科学论文的即时和有效的评价是推动科学进步的关键。然而，传统的同行评议面临着许多挑战，包括审稿人偏见、有限的专业知识和压倒性的出版物量。大型语言模型（llm）的最新进展表明，它们有潜力成为有前途的评估器，能够近似人类认知并理解普通和科学语言。在本研究中，我们提出了一种新的基于人工智能的论文评估方法PaperEval (PE)，该方法利用由法学硕士支持的多智能体系统来设计评估标准，从不同的维度评估论文质量，并生成可解释的分数。我们还介绍了PE的两种变体，Multi-round PaperEval （MPE）和Self-correcting PaperEval (SPE)，它们分别产生可比较的分数并迭代改进评估标准。为了测试我们的方法，我们对三个精心策划的数据集进行了全面分析，其中包括数学、物理、化学和医学领域约66,000篇不同质量的目标论文。结果表明，我们的方法可以有效地根据问题、方法、结果和结论四个维度的得分来区分高质量和低质量的论文。此外，研究结果强调了评估随时间的稳定性、比较论文的影响、多轮评估策略的优势，以及不同学科之间人工智能评级与科学影响之间的不同相关性。我们的方法可以无缝集成到现有的科学评估体系中，为人工智能驱动的科学评估的发展提供有价值的见解。

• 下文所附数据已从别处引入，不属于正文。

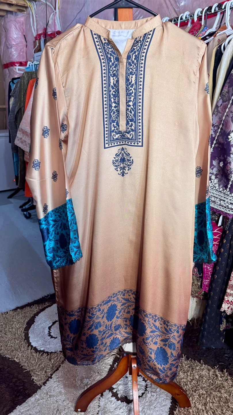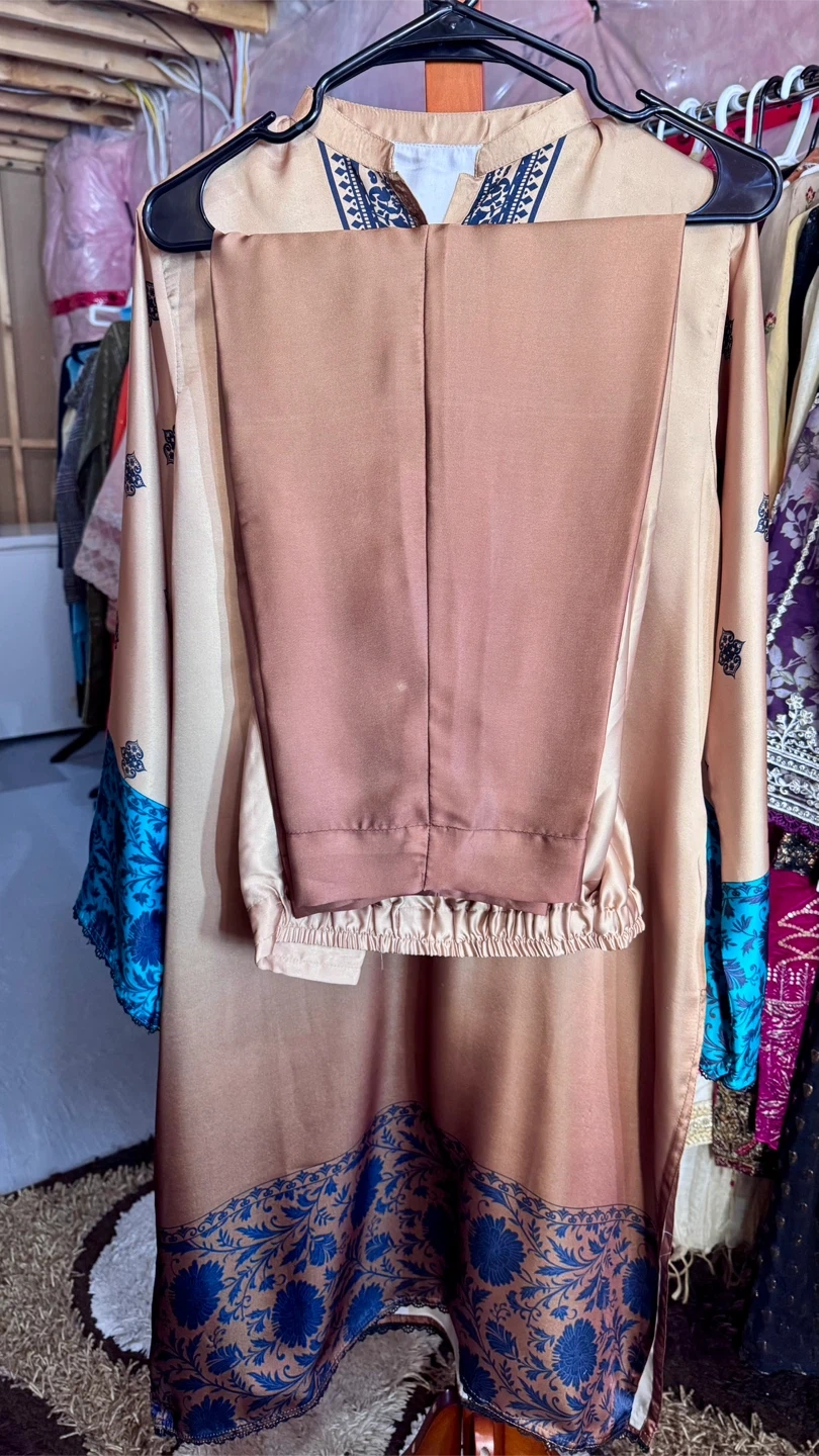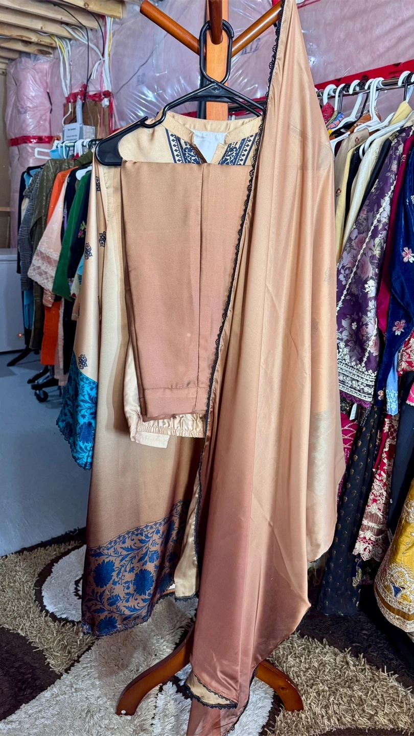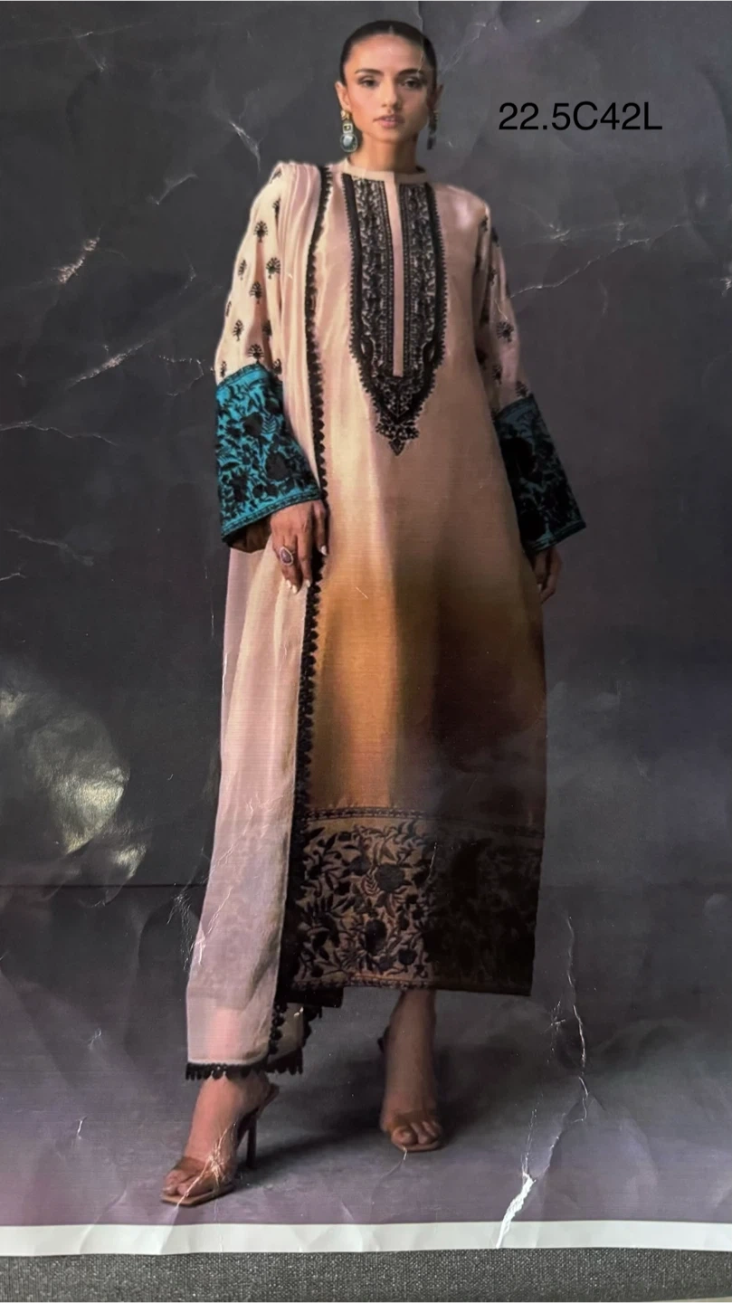 Selling a lovely ladies' salwar kameez suit in size L. The suit features a beautiful design with blue floral accents and a gradient effect on the fabric. It includes a top, pants, and a coordinating shawl. Perfect for a special occasion or everyday wear!
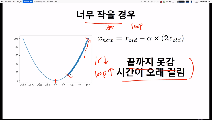 Gradient descent approach에는 두개의 파라미터가 존재하는데, 하나는 몇번 식을 수행할건지에 대한 루프이며, 하나는 learning rate(알파)이다.
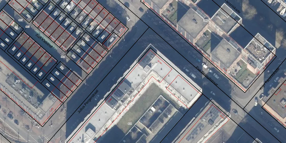 Het perceel waarop het adres ligt is ASD41-AU-631. De afkorting 'ASD41' staat voor kadastrale gemeente Amsterdam. De gemiddelde perceelgrootte in Amsterdam is 7292,22 m². Dit perceel is kleiner: de perceeloppervlakte bedraagt 4470 m². Het grootste perceel in de kadastrale gemeente is 2,75 km². Het kleinste perceel heeft een oppervlakte van 0 m². Op het perceel zijn 152 adressen aanwezig. In de Basisregistratie Kadaster (BRK) werden de grenzen van het perceel geregistreerd op 26-02-2009.

本文章由计算机程序翻译，如有差异，请以英文原文为准。

查看原文本刊更多论文

PaperEval: A universal, quantitative, and explainable paper evaluation method powered by a multi-agent system

The immediate and efficient evaluation of scientific papers is crucial for advancing scientific progress. However, traditional peer review faces numerous challenges, including reviewer bias, limited expertise, and an overwhelming volume of publications. Recent advancements in large language models (LLMs) suggest their potential as promising evaluators, capable of approximating human cognition and understanding both ordinary and scientific language. In this study, we propose a novel AI-empowered paper evaluation method, PaperEval (PE), which utilizes a multi-agent system powered by LLMs to design evaluation criteria, assess paper quality along different dimensions, and generate explainable scores. We also introduce two variants of PE, Multi-round PaperEval (MPE) and Self-correcting PaperEval (SPE), which produce comparable scores and iteratively refine the evaluation criteria, respectively. To test our methods, we conducted a comprehensive analysis of three curated datasets, encompassing about 66,000 target papers of varying quality across the fields of mathematics, physics, chemistry, and medicine. The results show that our methods can effectively discern between high- and low-quality papers based on scores derived in four dimensions: Question, Method, Result, and Conclusion. Moreover, the results highlight the evaluation’s stability over time, the impact of comparative papers, the advantages of the multi-round evaluation strategy, and the varying correlation between AI ratings and scientific impact across different disciplines. Our method can seamlessly integrate into the existing scientific evaluation system, offering valuable insights for the development of AI-driven scientific evaluation.

求助全文

通过发布文献求助，成功后即可免费获取论文全文。去求助

来源期刊

Information Processing & Management 工程技术-计算机：信息系统

CiteScore

17.00

自引率

11.60%

发文量

276

审稿时长

39 days

期刊介绍： Information Processing and Management is dedicated to publishing cutting-edge original research at the convergence of computing and information science. Our scope encompasses theory, methods, and applications across various domains, including advertising, business, health, information science, information technology marketing, and social computing. We aim to cater to the interests of both primary researchers and practitioners by offering an effective platform for the timely dissemination of advanced and topical issues in this interdisciplinary field. The journal places particular emphasis on original research articles, research survey articles, research method articles, and articles addressing critical applications of research. Join us in advancing knowledge and innovation at the intersection of computing and information science.